RECORDS SUPPLIED: Begin
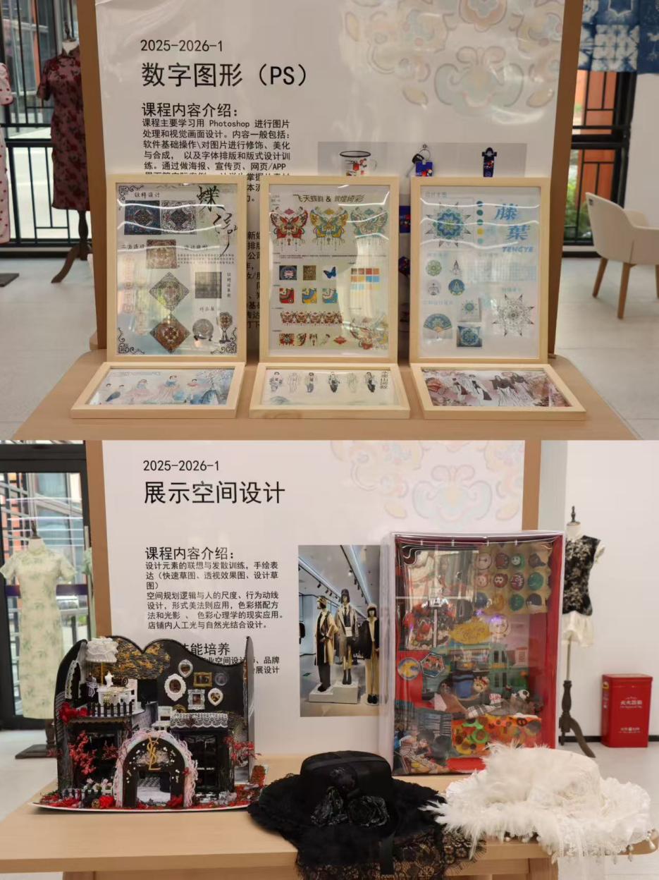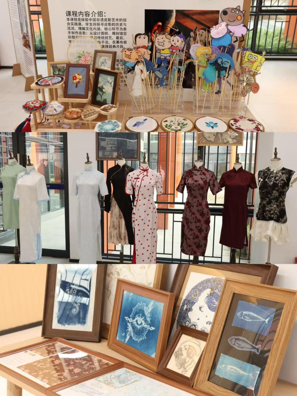 非遗传承板块成为展览一大亮点。《非遗教育》中,学生探寻皮影历史流派,完成设计、雕刻、敷彩等全流程制作;《服装纸样设计与工艺》以旗袍为载体,传授结构设计与传统缝制技艺,学生通过面料归拔、手工盘扣等工序完成作品,对接相关岗位需求;《岗位技能实训》围绕图案设计与印染技术展开,学生完成从构思到成品的全流程实践。
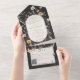 AVAILABLE WITH OR WITHOUT A QR CODE TO SCAN. This design features a soft wildflower frame around a cream oval on a soft black background. Add a QR code URL to your invitation so that gusts can quickly access your wedding Website for details, directions, menu options, and more, or add your gift registry Web URL. Personalised All-In-One invitations are a unique combination of both a beautifully printed custom invitation with an easy to tear off perforated RSVP postcard. And they are so easy to use! You simply fold, then seal the back flap with the three included clear stickers, and mail. And when your guests receive your custom invite, they just tear the perforated RSVP Card off and drop it back in the mail to you!
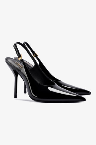 Larroudé x Altuzarra: Slingback Couro Verniz Preto
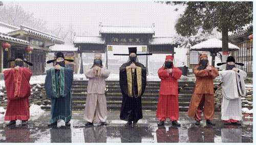 包大人攜王朝馬漢張龍趙虎,在風雪中開園迎賓,奏樂相迎!
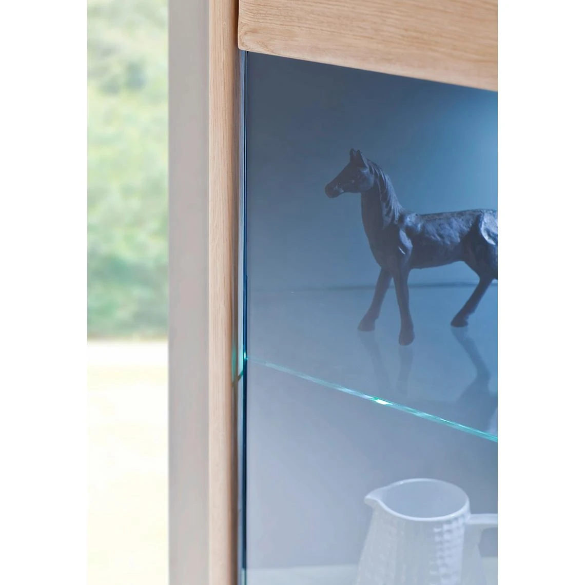 Exposez votre plus belle vaisselle avec ce vaisselier coloris chêne blanchi huilé, avec sa porte et ses nombreux rangements intérieurs, ce meuble vitré sera très utile dans votre salle à manger ou dans votre cuisine. Livré monté.
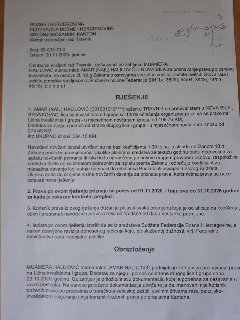Amar Halilović rođen je 30.10.2010. godine u Travniku. Amar je 100% invalid. Prilikom poroda pukao mu je želudac i čim se rodio imao je prvu operaciju želuca. Amar je dijete rođen sa autizmom. Od rođenja zaostaje u psihomotornomi i kognitivnom razvoju. Kada se kontaktira sa Amarom ne može se uspostaviti govorni kontakt, kao ni kontakt očima. Prilikom kontakta pokriva lice, a govor Amarov je nerazumljiv. Amar samo razumije osnovne upute koje mu daje majka. Stidljivo je i povučeno dijete. Kada je majka uz njega osjeća se sigurno.
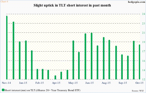 Similar sentiment is reflected in how shorts are positioned in TLT, the iShares 20+Year Treasury Bond ETF. At the end of June, short interest peaked at 20.8 million shares, before coming under sustained pressure and dropping to 16.4 million three months later. End-October was 18.6 million. At the end of November last year, short interest was 24 million (Chart 4).
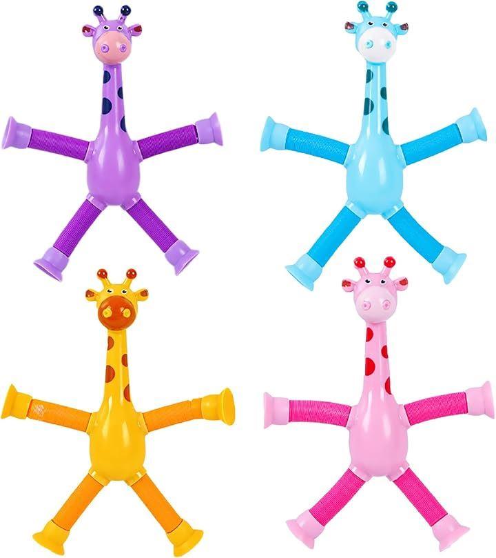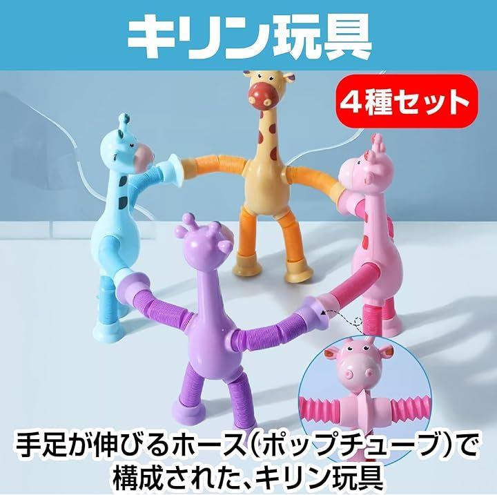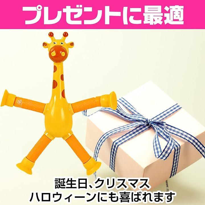 「ポップチューブ キリン」手足が伸縮し、吸盤が付いたおもちゃが、想像力をかき立て、創造的な遊びをサポートします。
RECORDS SUPPLIED: End
__YOUR GOAL__.
Copy each line above precisely, dropping the pictures.

__TASK OUTPUT__.
 非遗传承板块成为展览一大亮点。《非遗教育》中,学生探寻皮影历史流派,完成设计、雕刻、敷彩等全流程制作;《服装纸样设计与工艺》以旗袍为载体,传授结构设计与传统缝制技艺,学生通过面料归拔、手工盘扣等工序完成作品,对接相关岗位需求;《岗位技能实训》围绕图案设计与印染技术展开,学生完成从构思到成品的全流程实践。
 AVAILABLE WITH OR WITHOUT A QR CODE TO SCAN. This design features a soft wildflower frame around a cream oval on a soft black background. Add a QR code URL to your invitation so that gusts can quickly access your wedding Website for details, directions, menu options, and more, or add your gift registry Web URL. Personalised All-In-One invitations are a unique combination of both a beautifully printed custom invitation with an easy to tear off perforated RSVP postcard. And they are so easy to use! You simply fold, then seal the back flap with the three included clear stickers, and mail. And when your guests receive your custom invite, they just tear the perforated RSVP Card off and drop it back in the mail to you!
 Larroudé x Altuzarra: Slingback Couro Verniz Preto
 包大人攜王朝馬漢張龍趙虎,在風雪中開園迎賓,奏樂相迎!
 Exposez votre plus belle vaisselle avec ce vaisselier coloris chêne blanchi huilé, avec sa porte et ses nombreux rangements intérieurs, ce meuble vitré sera très utile dans votre salle à manger ou dans votre cuisine. Livré monté.
Amar Halilović rođen je 30.10.2010. godine u Travniku. Amar je 100% invalid. Prilikom poroda pukao mu je želudac i čim se rodio imao je prvu operaciju želuca. Amar je dijete rođen sa autizmom. Od rođenja zaostaje u psihomotornomi i kognitivnom razvoju. Kada se kontaktira sa Amarom ne može se uspostaviti govorni kontakt, kao ni kontakt očima. Prilikom kontakta pokriva lice, a govor Amarov je nerazumljiv. Amar samo razumije osnovne upute koje mu daje majka. Stidljivo je i povučeno dijete. Kada je majka uz njega osjeća se sigurno.
 Similar sentiment is reflected in how shorts are positioned in TLT, the iShares 20+Year Treasury Bond ETF. At the end of June, short interest peaked at 20.8 million shares, before coming under sustained pressure and dropping to 16.4 million three months later. End-October was 18.6 million. At the end of November last year, short interest was 24 million (Chart 4).
 「ポップチューブ キリン」手足が伸縮し、吸盤が付いたおもちゃが、想像力をかき立て、創造的な遊びをサポートします。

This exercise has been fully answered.